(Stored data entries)
· · · · ·

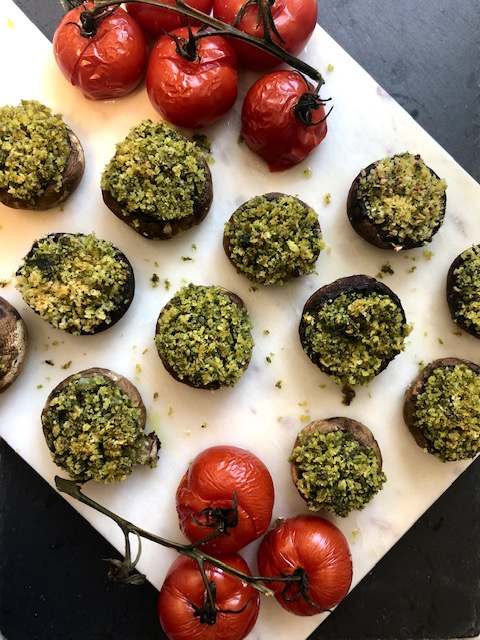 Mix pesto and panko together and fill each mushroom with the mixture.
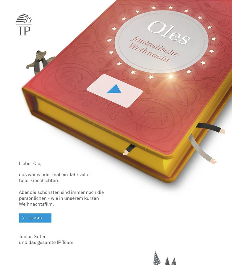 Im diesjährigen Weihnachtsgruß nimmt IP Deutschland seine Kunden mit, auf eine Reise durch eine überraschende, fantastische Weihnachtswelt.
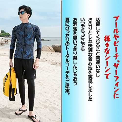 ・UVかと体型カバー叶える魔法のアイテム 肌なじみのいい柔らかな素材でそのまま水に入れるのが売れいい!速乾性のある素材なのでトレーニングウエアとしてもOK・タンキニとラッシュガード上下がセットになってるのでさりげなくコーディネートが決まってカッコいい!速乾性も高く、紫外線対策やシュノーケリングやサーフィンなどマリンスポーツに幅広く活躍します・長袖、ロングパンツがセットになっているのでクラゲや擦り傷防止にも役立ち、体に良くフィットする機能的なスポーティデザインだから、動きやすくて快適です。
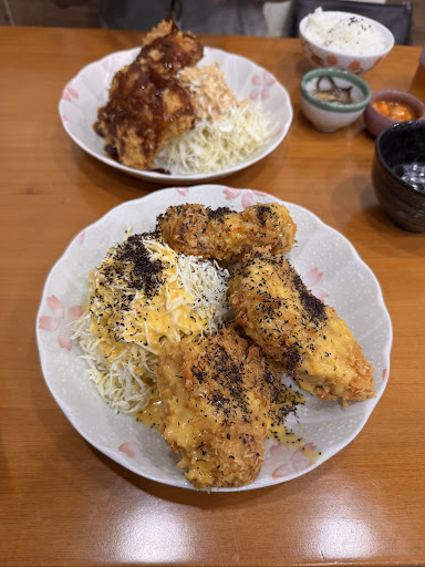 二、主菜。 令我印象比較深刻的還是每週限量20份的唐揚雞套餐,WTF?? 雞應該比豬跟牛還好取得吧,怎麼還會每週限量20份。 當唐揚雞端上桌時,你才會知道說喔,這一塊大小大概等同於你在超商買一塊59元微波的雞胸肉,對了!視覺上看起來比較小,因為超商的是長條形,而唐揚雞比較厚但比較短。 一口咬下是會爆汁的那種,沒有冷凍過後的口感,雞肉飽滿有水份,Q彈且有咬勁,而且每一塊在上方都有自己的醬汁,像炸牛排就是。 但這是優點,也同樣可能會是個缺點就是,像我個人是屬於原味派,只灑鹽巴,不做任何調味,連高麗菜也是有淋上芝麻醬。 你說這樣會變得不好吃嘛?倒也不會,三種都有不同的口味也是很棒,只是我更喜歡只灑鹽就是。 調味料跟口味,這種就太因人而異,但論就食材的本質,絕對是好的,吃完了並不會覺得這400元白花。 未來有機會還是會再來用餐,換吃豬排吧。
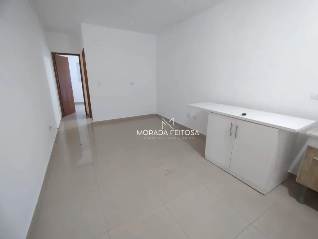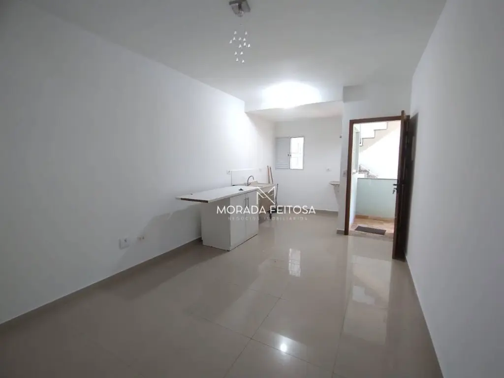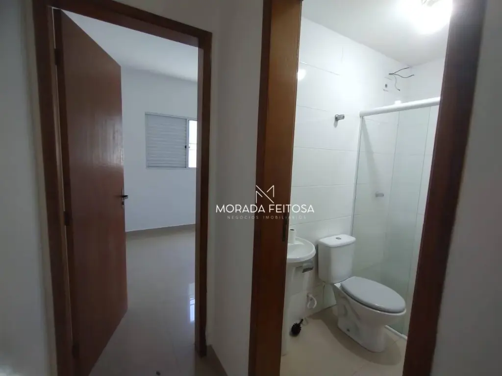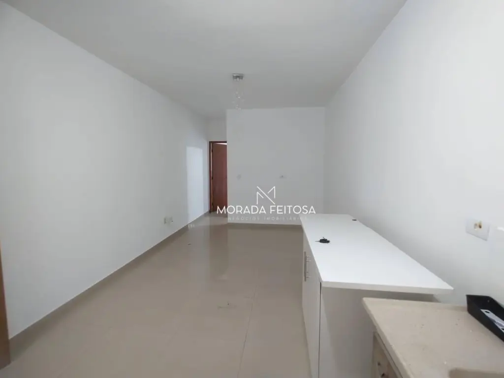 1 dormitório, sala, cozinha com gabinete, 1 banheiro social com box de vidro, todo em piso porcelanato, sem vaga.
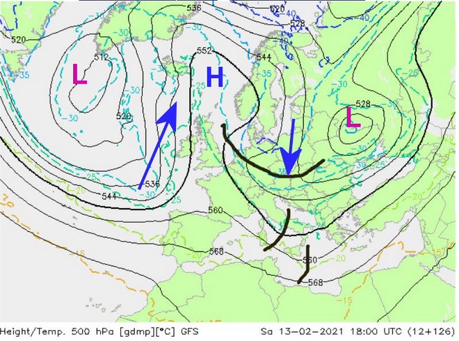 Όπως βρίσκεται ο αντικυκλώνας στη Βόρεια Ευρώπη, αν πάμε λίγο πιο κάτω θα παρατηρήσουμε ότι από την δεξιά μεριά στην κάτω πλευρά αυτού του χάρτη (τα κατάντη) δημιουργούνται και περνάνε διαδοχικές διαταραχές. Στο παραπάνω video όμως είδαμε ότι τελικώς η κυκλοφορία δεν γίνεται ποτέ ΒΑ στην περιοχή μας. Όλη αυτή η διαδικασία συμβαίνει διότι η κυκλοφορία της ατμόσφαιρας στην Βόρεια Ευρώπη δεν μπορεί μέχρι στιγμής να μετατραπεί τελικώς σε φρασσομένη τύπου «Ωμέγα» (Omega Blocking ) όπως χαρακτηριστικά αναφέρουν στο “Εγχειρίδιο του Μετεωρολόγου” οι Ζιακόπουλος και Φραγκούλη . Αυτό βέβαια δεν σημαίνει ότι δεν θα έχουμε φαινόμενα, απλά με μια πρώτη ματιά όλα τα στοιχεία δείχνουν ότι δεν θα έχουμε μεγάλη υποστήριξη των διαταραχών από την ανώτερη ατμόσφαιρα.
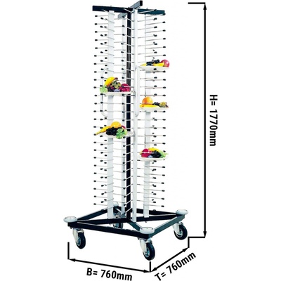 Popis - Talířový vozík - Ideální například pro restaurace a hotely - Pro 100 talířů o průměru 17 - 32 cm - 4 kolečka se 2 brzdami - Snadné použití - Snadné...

· · · · ·

__Problem statement__
From the line holding "二、主菜。 令我印象比較深刻的還是每週限量20份的唐揚雞套餐,WTF?? 雞應該比豬跟牛還好取得吧,怎麼還會每週限量20份。" to the line holding "1 dormitório, sala, cozinha", both included, retype the entries above exactly and drop the pictures.

__Your response__
 二、主菜。 令我印象比較深刻的還是每週限量20份的唐揚雞套餐,WTF?? 雞應該比豬跟牛還好取得吧,怎麼還會每週限量20份。 當唐揚雞端上桌時,你才會知道說喔,這一塊大小大概等同於你在超商買一塊59元微波的雞胸肉,對了!視覺上看起來比較小,因為超商的是長條形,而唐揚雞比較厚但比較短。 一口咬下是會爆汁的那種,沒有冷凍過後的口感,雞肉飽滿有水份,Q彈且有咬勁,而且每一塊在上方都有自己的醬汁,像炸牛排就是。 但這是優點,也同樣可能會是個缺點就是,像我個人是屬於原味派,只灑鹽巴,不做任何調味,連高麗菜也是有淋上芝麻醬。 你說這樣會變得不好吃嘛?倒也不會,三種都有不同的口味也是很棒,只是我更喜歡只灑鹽就是。 調味料跟口味,這種就太因人而異,但論就食材的本質,絕對是好的,吃完了並不會覺得這400元白花。 未來有機會還是會再來用餐,換吃豬排吧。
 1 dormitório, sala, cozinha com gabinete, 1 banheiro social com box de vidro, todo em piso porcelanato, sem vaga.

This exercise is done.